National Geographic Traveller (UK)

REEF, RAINFOREST & ANCIENT RUINS

The skies have opened over the rugged foothills of the Maya Mountains, the first deluge of the rainy season breaking the forest’s sticky heat with a tide of fast, fat droplets.

It draws a gauzy veil across the landscape, dulling the daylight that just moments before warmed the deck of my riverfront cabin, and fills the valley with a peculiar, powerful percussion. Rain ricochets off waxy foliage, drums onto craggy rocks and hammers against my body. A scent is rising from the earth in response to the water: something musty and mineral I wish I could bottle. Cowering from the storm, I watch almighty nature in conversation with itself; thunder answering lightning, streams feeding the banks of the thirsty Macal River. When, at dawn, the weather wears itself out, the sun reappears and the birds take up their chorus, it feels like something in the world has reset. It’s a dramatic welcome to the wild, western flank of Belize.

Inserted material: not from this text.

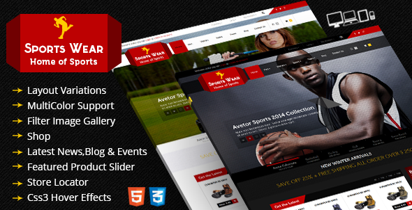 Sports Store Responsive Ecommerce HTML5 Theme TFx

“Later in the season, when the river rises so high it floods this road, we just canoe the guests across — or put up zip-lines between the trees,” my guide Fernando Obando tells me as we navigate a water-logged road away from Black Rock Lodge in his 4x4. “We don’t stop for a little rain.” The off-grid collection of cabins, powered by water turbines and a new rack of solar panels, is a stalwart of the country’s blossoming ecotourism scene and a hotspot for birders in the know. But today we’re heading several hours south.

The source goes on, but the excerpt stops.